## [RECORDED INFORMATION]
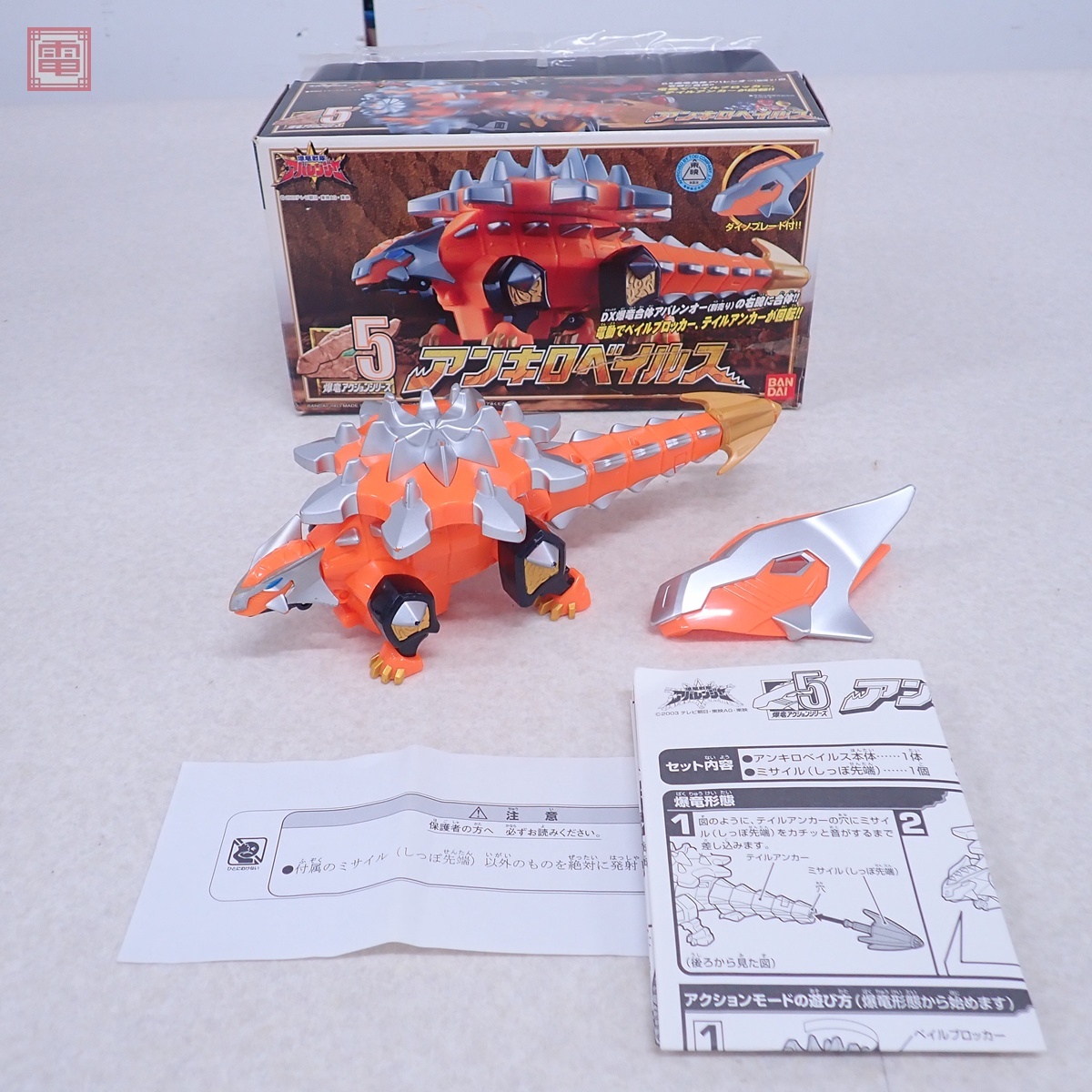 現状品 バンダイ 爆竜戦隊アバレンジャー 爆竜アクションシリーズ ディメノコドン/アンキロベイルス 他 計4点セット ■こちらの商品は【現状品】のため、どの様な不具合が生じましても当店では交換・返金・返品等の対応はできません。 ■ご理解ご納得いただける方のみご入札をお願いいたします。 ※説明書、内プラケースが欠品しているものがあるため【現状品】として出品いたします。 ■外箱にスレ、キズ、汚れ、破れ、ヤケ、黄ばみ、ハゲ、テープの貼付、補修跡があります。 ■本体/パーツにスレ、キズ、汚れがあります。 ■説明書にシワ、汚れ、ヤケ、折れがあります。 ■写真のものが全てです。付属物の有無や状態については写真からご判断ください。 ■付属物については細かいチェックはしておりませんので、万が一、欠品があったり余計な物が入っていたとしてもご了承ください。 ■商品到着後、当店の保証期間中は、商品及び箱や取説、付属品などを1つでも廃棄や破損をしないようにお願い致します。廃棄や破損をした場合、商品に問題があった場合でも対応や返金などの対処ができなくなります。 ■商品によりますが、発売されてから10年以上経過している中古品である事をご理解頂いた上でご入札をお願い致します。なお、新品や美品、また特記事項がある場合は別途明記します。 | |||
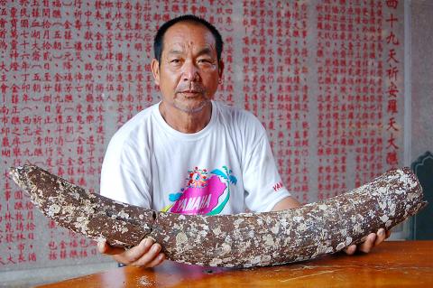 The rare fossilized ivory tusk was snagged in a net at about 200m depth in the sea off eastern Dongji Island by Wang Chiu-tang (王秋堂), from Greater Tainan’s Annan District (安南) earlier this year.
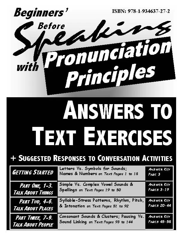 A 60-page Answer Key for all material in Beginners' Before Speaking with Pronunciation Principles that requires or encourages oral response
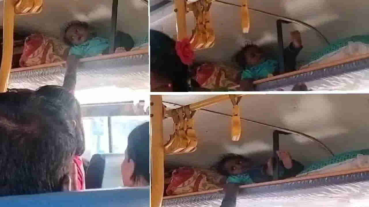 దీంతో ఒక స్త్రీ తన బిడ్డతో బస్సు ఎక్కింది.. సీటు దొరకక పోవడంతో నిలబడిన ఆ మహిళ బిడ్డతో ప్రయాణించడం కష్టంగా ఉందని భావించినట్లు ఉంది.. లగేజీని పెట్టే క్యారియర్లో తన బాబుని పడుకోబెట్టింది. ప్రయాణీకులు కూడా మహిళ ఆలోచనకు షాక్ తిన్నారు. ఓ వ్యక్తి తన మొబైల్లో వీడియో తీసి సోషల్ మీడియాలో షేర్ చేశాడు. ప్రస్తుతం లగేజీ క్యారియర్లో చిన్నారి నిద్రిస్తున్న వీడియో సోషల్ మీడియాలో వైరల్గా మారింది.
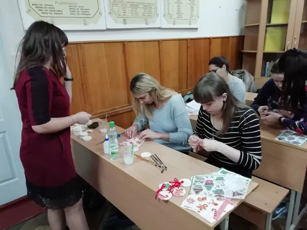 Учасники майстер-класу мали змогу власноруч виготовити новорічну іграшку з фетру та декупаж із солоного тіста, налаштуватися на новорічну атмосферу й отримати позитивні емоції.
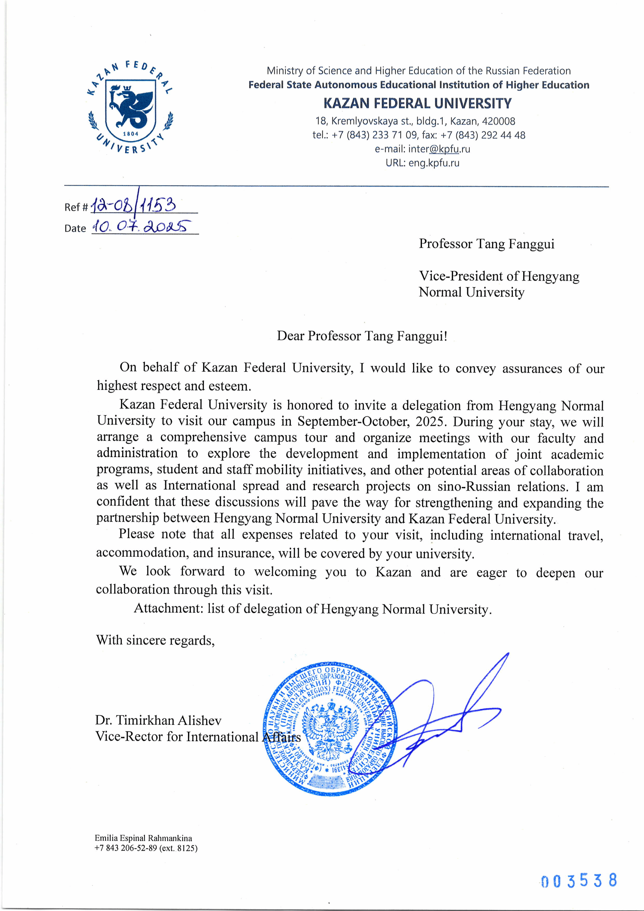 第五天 10.24 周五 | 喀山-上海浦东 MU5066 2000/0855+1 飞行:7H55M 09:30-11:30:访问俄罗斯喀山联邦大学,深度了解该校办学体系及办学特色,就联合培养博士方面商讨具体细节。 14:00-16:00:与俄罗斯喀山联邦大学校领导举行座谈,就如何进一步开展相关专业领域的学术交流、教科研合作和海外教师培训的可行性。 16:00-17:00:参观格俄罗斯喀山联邦大学实验室。 晚上乘机飞上海浦东,次日抵达。 |
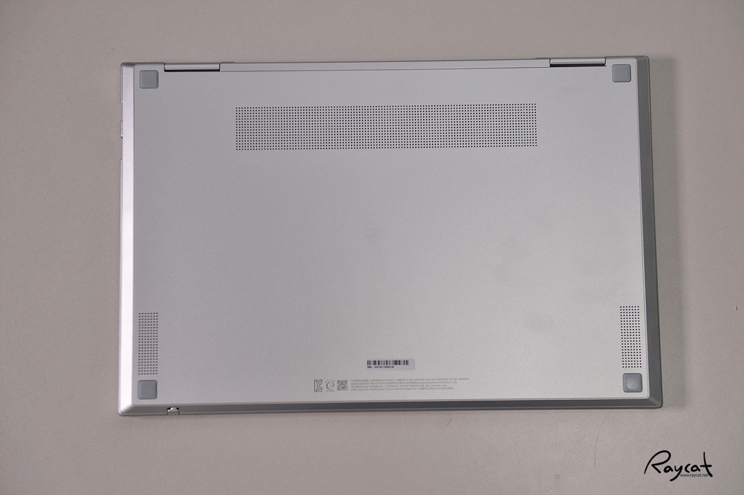 바디 전체 마감은 알루미늄 메탈 소재로 마감되었으며 필요에 따라 노트북처럼 혹은 상판을 회전해 태블릿처럼 사용할 수 있는 2 in 1 윈도 노트북이기도 합니다. 바닥면에 3개의 스피커가 있으며 AKG 스피커를 탑재하고 있습니다.
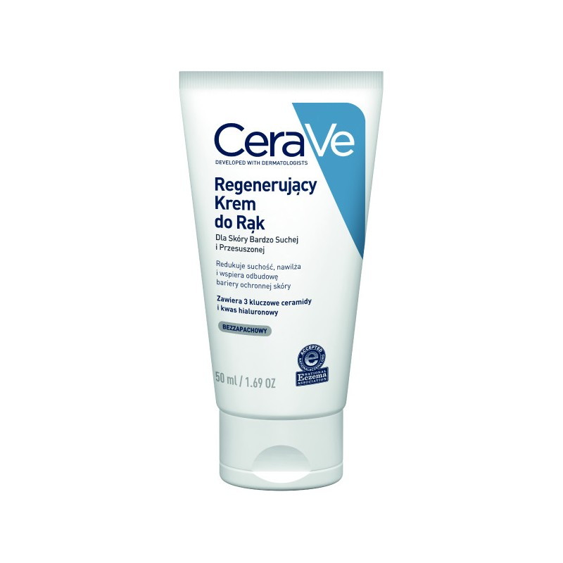 Opracowany we współpracy z dermatologami, regenerujący krem do rąk z ceramidami. Nawilża i wspiera odbudowę bariery ochronnej skóry. Zawiera 3 kluczowe ceramidy i kwas hialuronowy. Odpowiedni dla dorosłych i dzieci od 3 roku życia. Bezzapachowy. Dostępny w formacie: 50 ml CERAVE to kompozycja trzech ceramidów o budowie identycznej z ceramidami zawartymi w skórze: ceramid 1, ceramid 3, ceramid 6-II, a takze cholesterolu, kwasów tłuszczowych i fitosfingozyny. Składniki te wykazują działanie synergiczne w odbudowie bariery ochronnej skóry. Technologia (MVE) (Multivesicular Emulsion Technology) umożliwia stabilne w czasie uwalnianie składników aktywnych, w tym niezbędnych ceramidów, aby pomóc w odbudowaniu bariery ochronnej skóry, dzięki czemu pozostaje ona nawilżona na dłużej. - ZAWIERA 3 KLUCZOWE CERAMIDY I KWAS HIALURONOWY - BEZZAPACHOWE Opakowanie produktu zawiera opisy w języku polskim.
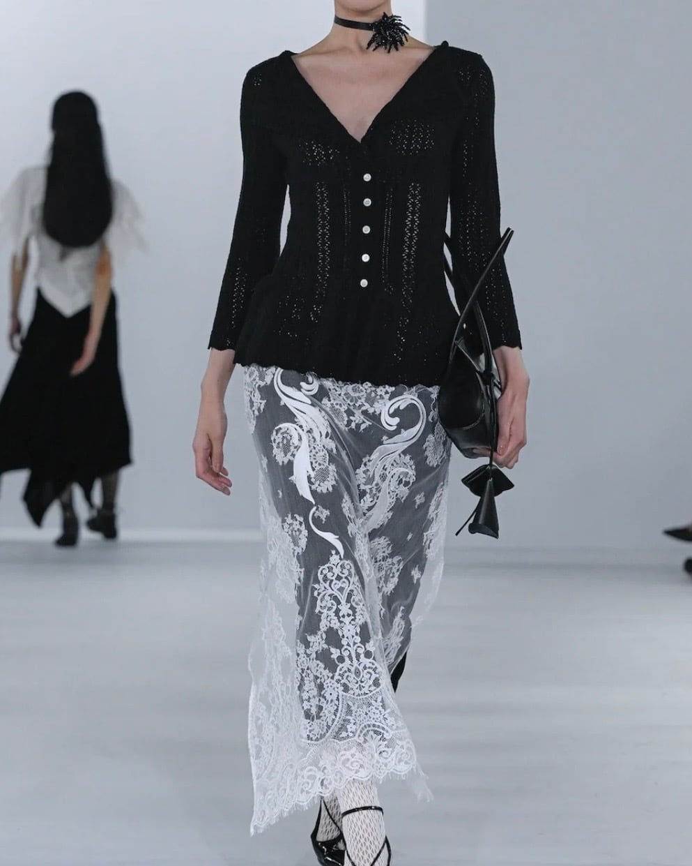 FETICO / EMBROIDERED LACE SKIRT -white lace-
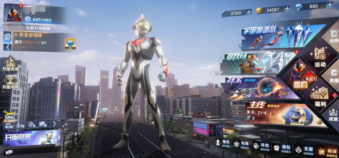 玩法方面是策略與動作相結(jié)合的戰(zhàn)斗體系,玩家不僅可以集結(jié)歷代奧特戰(zhàn)士,像是迪迦、蓋亞、阿古茹、賽羅等等,還能召喚芝頓、巴爾坦星人、艾雷王等怪獸同臺作戰(zhàn),光與暗勢力同臺。力量、速度、技巧三大屬性相互克制,羈絆組合技與空中沖擊機(jī)制相互配合。
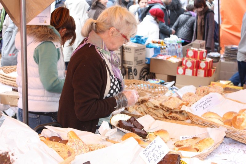 Artisan baked goods. I have never seen bread pudding look like this (below, left). This booth was really incredible. Baking all the amazing homey items, and then getting them here would be a huge undertaking. There must be considerable waste, too. (Who thinks like that? – me!)
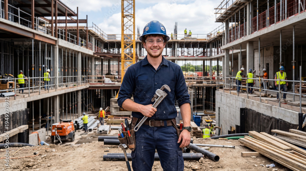 Giovane idraulico sorridente in un cantiere edile #1949278912
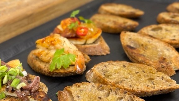 Paahdettuna leipäviipaleet maistuvat paremmalta. Kosteuta ekstra-neitsytoliiviöljyllä. Sivele leivälle chiliaiolia ja lävistä jättirapu cocktailtikulla päälle. Koristele silputulla lehtipersiljalla.
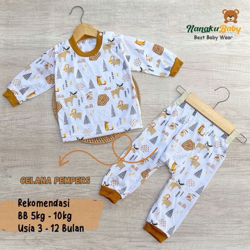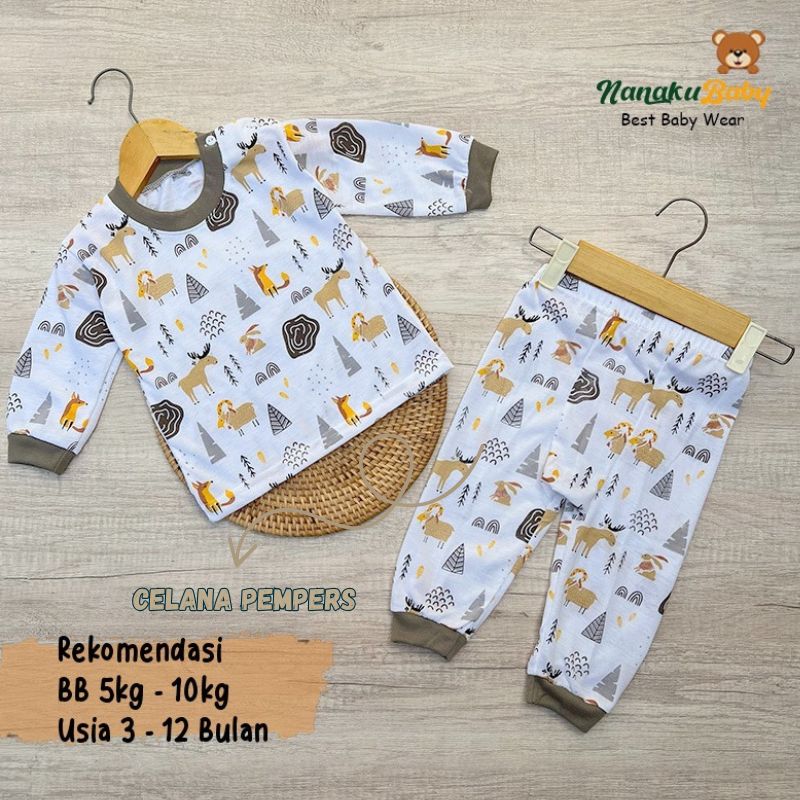 Nanaku Baby Setelan Baju Bayi Unisex Model Lengan Panjang Celana Pempers Panjang Usia 3-12 Bulan Motif Rusa
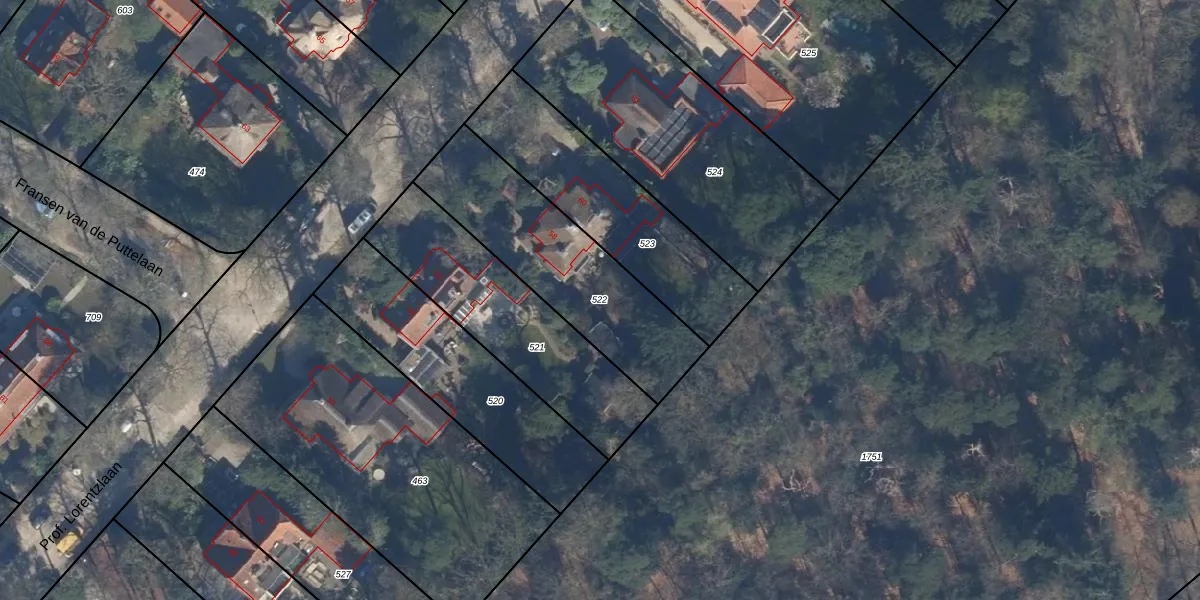 Gebruik de zoekbalk of klik op een perceel om informatie over het perceel te bekijken.

## [WORK TO BE COMPLETED]
Exactly as written, give again every line from the one containing "Giovane idraulico sorridente" through the last line of the material, both included, with the pictures left out.

## [WRITTEN SOLUTION]
 Giovane idraulico sorridente in un cantiere edile #1949278912
 Paahdettuna leipäviipaleet maistuvat paremmalta. Kosteuta ekstra-neitsytoliiviöljyllä. Sivele leivälle chiliaiolia ja lävistä jättirapu cocktailtikulla päälle. Koristele silputulla lehtipersiljalla.
 Nanaku Baby Setelan Baju Bayi Unisex Model Lengan Panjang Celana Pempers Panjang Usia 3-12 Bulan Motif Rusa
 Gebruik de zoekbalk of klik op een perceel om informatie over het perceel te bekijken.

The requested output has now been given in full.